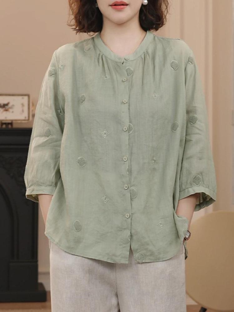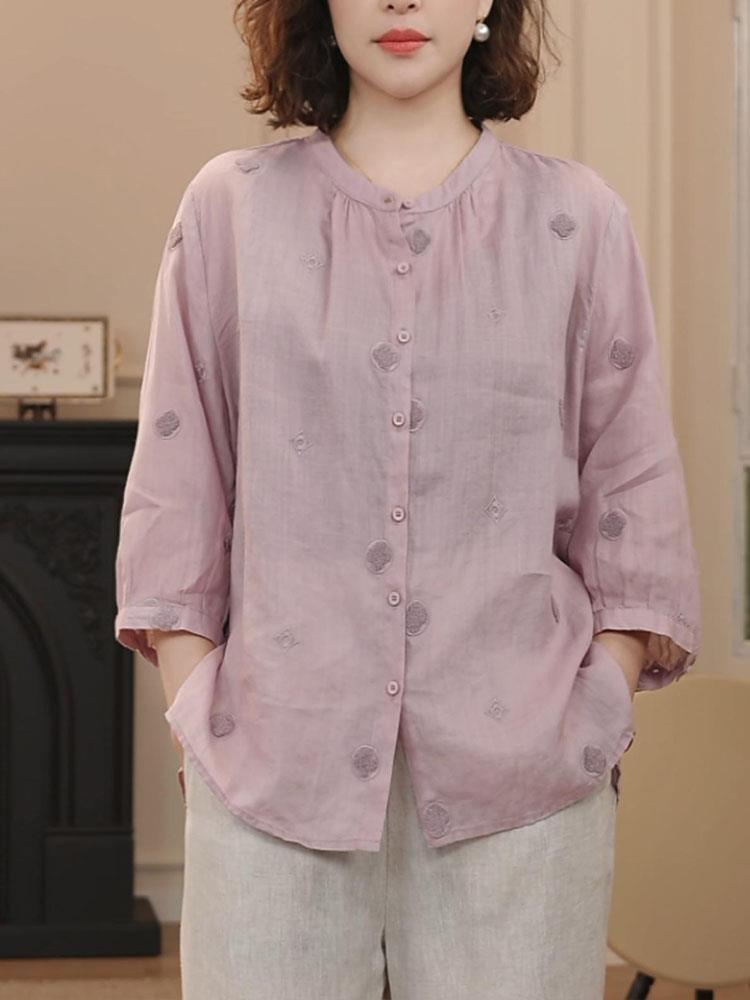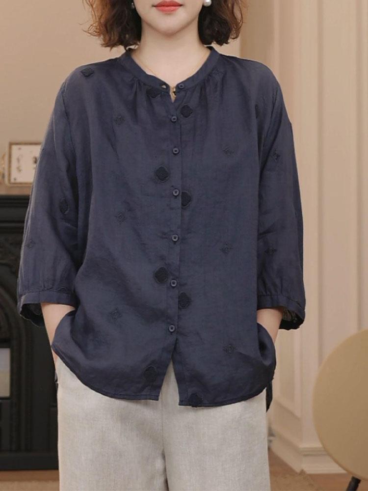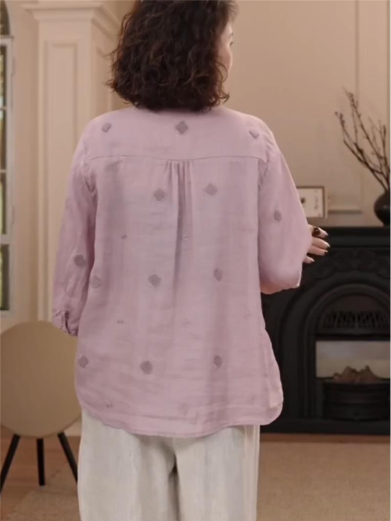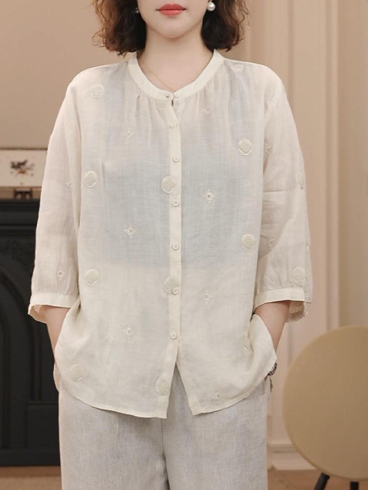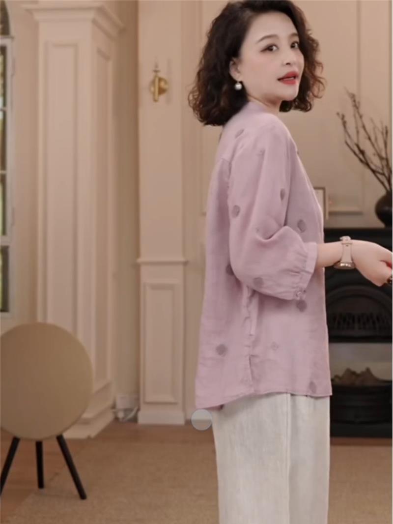 NP08341 中年妈妈夏装天丝棉麻七分袖衬衫中老年女装春装洋气小衫透气上衣
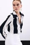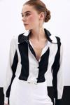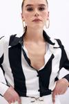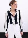 Ön düğmeli, manşetli uzun kol, çizgili düz gömlek.
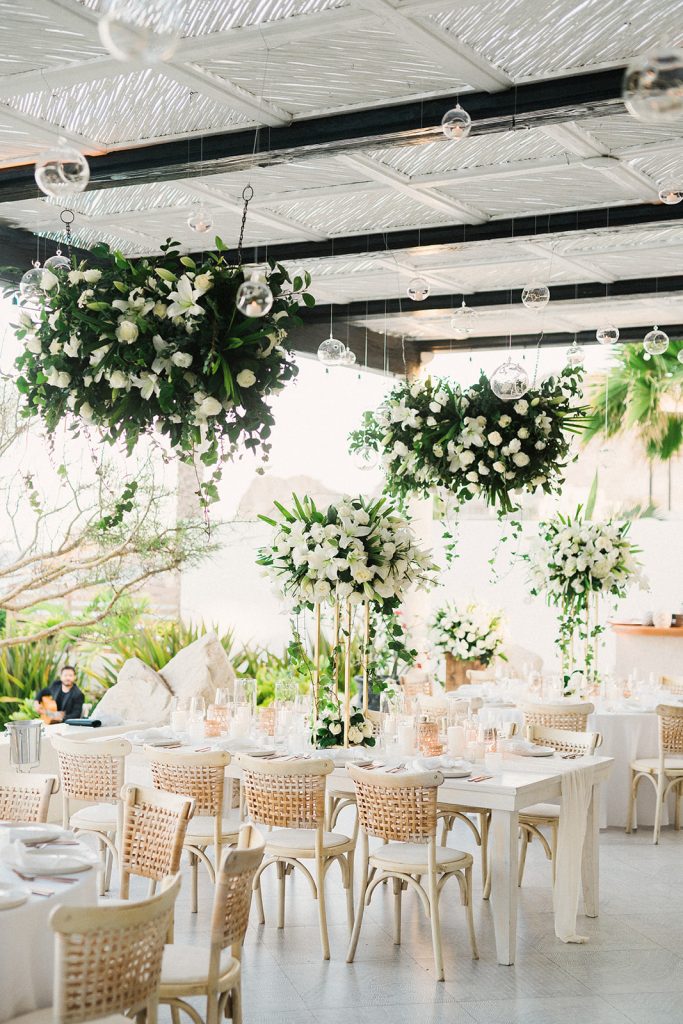 The venue was decorated with stunning white and green floral arrangements, created by the expert florists at Del Cabo Floral Design. The flowers had an elegance to them, and arranged throughout the ceremony and reception. The florals created a beautiful and romantic atmosphere that perfectly complimented the breathtaking surroundings of the resort.”
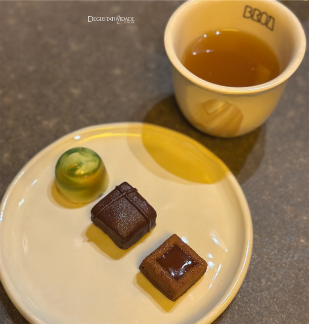 Junto com o chá de capim limão e o café Bourbon Amarelo do Cerrado Mineiro apreciamos um bombom em forma de pé de moleque envolvido por chocolate intenso, outro de graviola com chocolate branco e um mini bolinho paraibano – sorda – feito de farinha de mandioca, rapadura e especiarias.

What to work on: Give back exactly the lines from the first line of the data through the line with "Ön düğmeli, manşetli", pictures excluded.

Response for this exercise:
 NP08341 中年妈妈夏装天丝棉麻七分袖衬衫中老年女装春装洋气小衫透气上衣
 Ön düğmeli, manşetli uzun kol, çizgili düz gömlek.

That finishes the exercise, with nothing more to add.